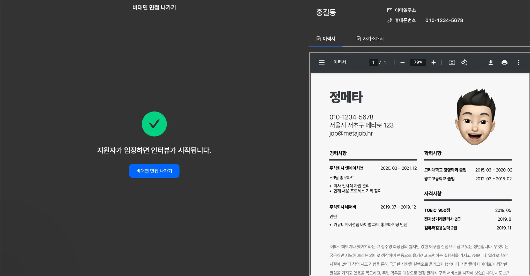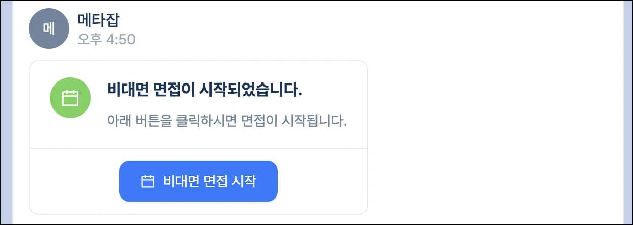 인터뷰 시작하기를 클릭하면 지원자에게 비대면 인터뷰 시작 알림을 메타톡으로 보냅니다.
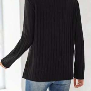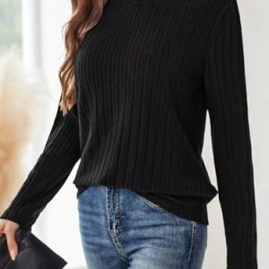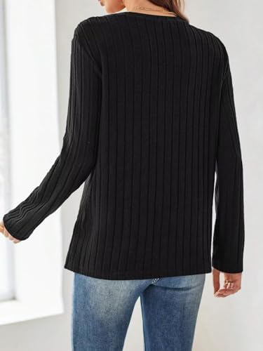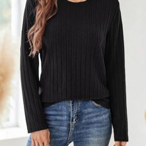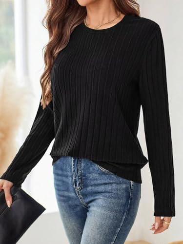 Women’s Crewneck Sweater Tops – Long Sleeve Knitted Casual Fall Winter Blouse(Black) S at Women’s Clothing store
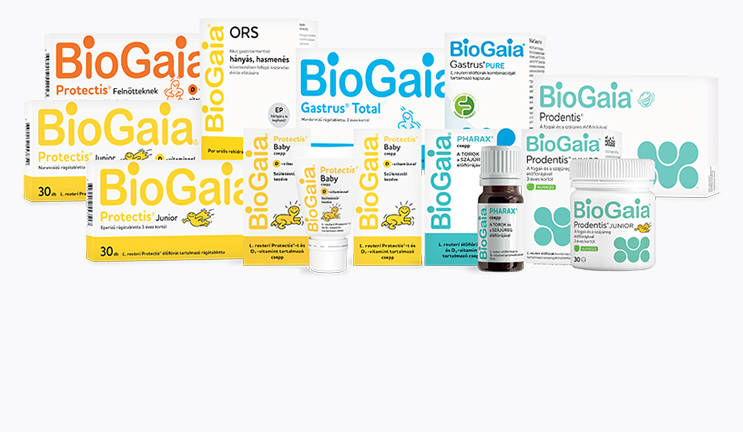 Étrend-kiegészítő rágótabletták, egyedülálló módon L. reuteri Protectis® (DSM17938) élőflórával. Eper és narancs ízben, sima és D-vitaminos változatban.
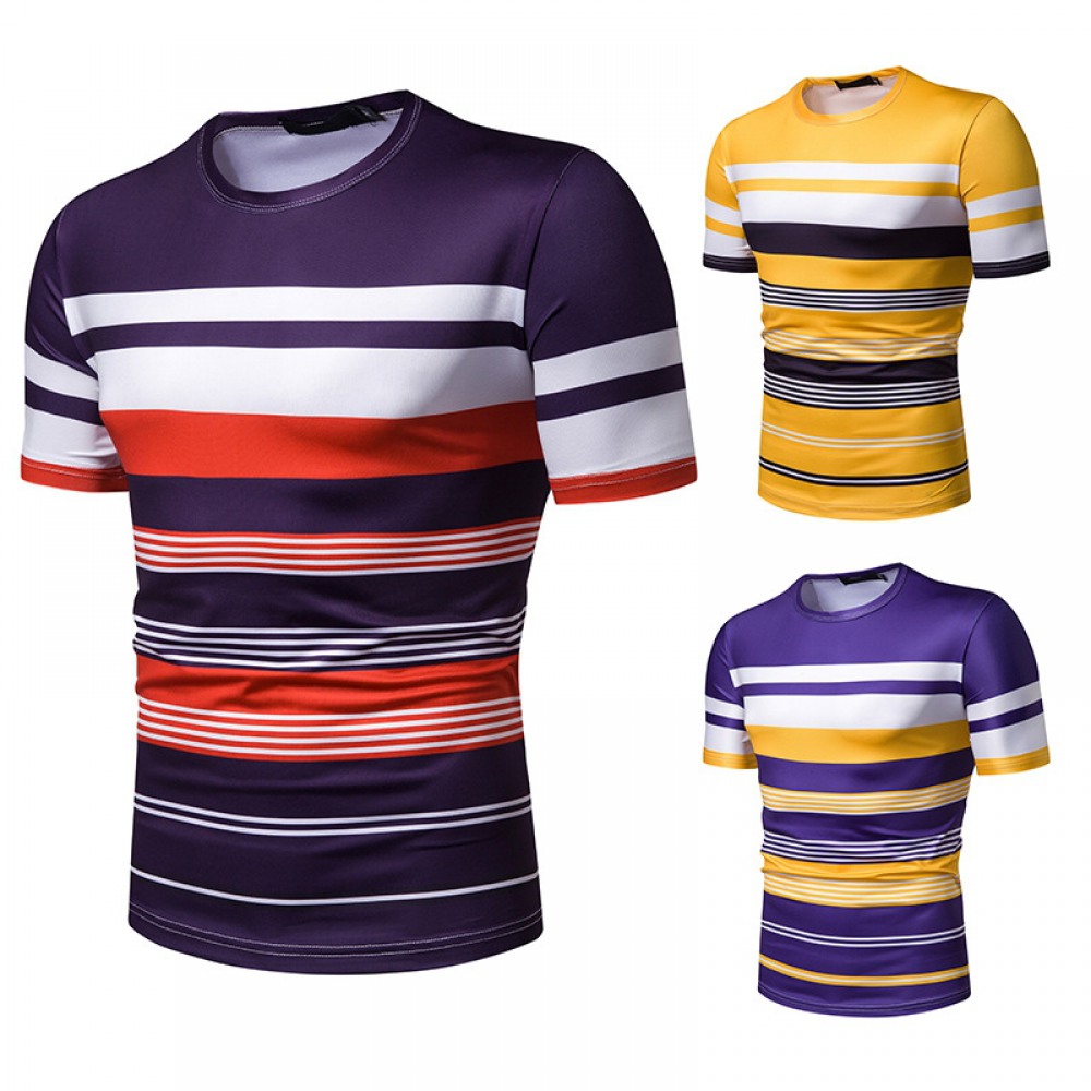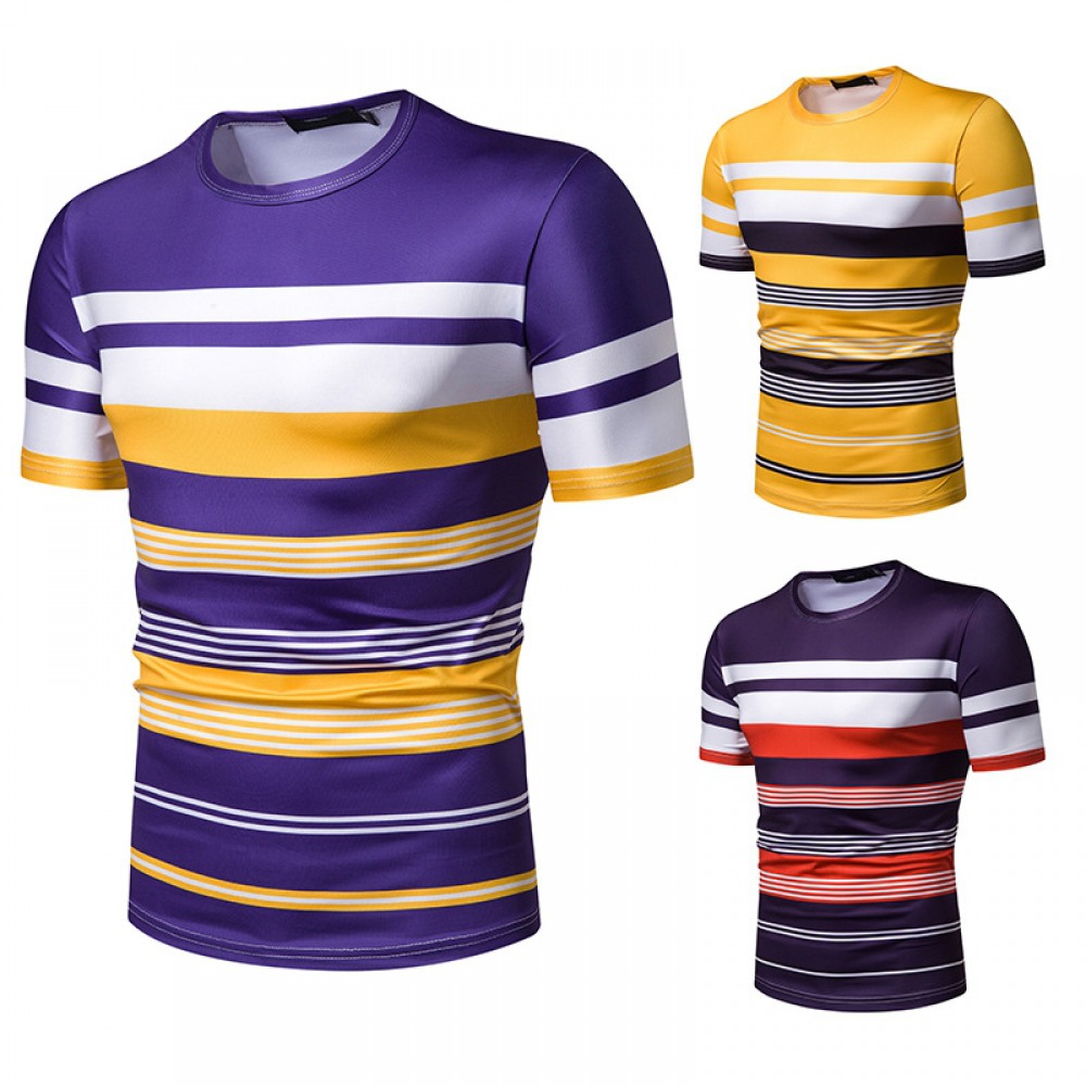 Men's Short-Sleeved T-Shirt Mens Contrast Striped Slim-Fit Casual T-Shirt

++++++++++++++++++++

= Task directions =
The answer should match the material exactly, with every picture removed.

= Reply to the exercise =
 인터뷰 시작하기를 클릭하면 지원자에게 비대면 인터뷰 시작 알림을 메타톡으로 보냅니다.
 Women’s Crewneck Sweater Tops – Long Sleeve Knitted Casual Fall Winter Blouse(Black) S at Women’s Clothing store
 Étrend-kiegészítő rágótabletták, egyedülálló módon L. reuteri Protectis® (DSM17938) élőflórával. Eper és narancs ízben, sima és D-vitaminos változatban.
 Men's Short-Sleeved T-Shirt Mens Contrast Striped Slim-Fit Casual T-Shirt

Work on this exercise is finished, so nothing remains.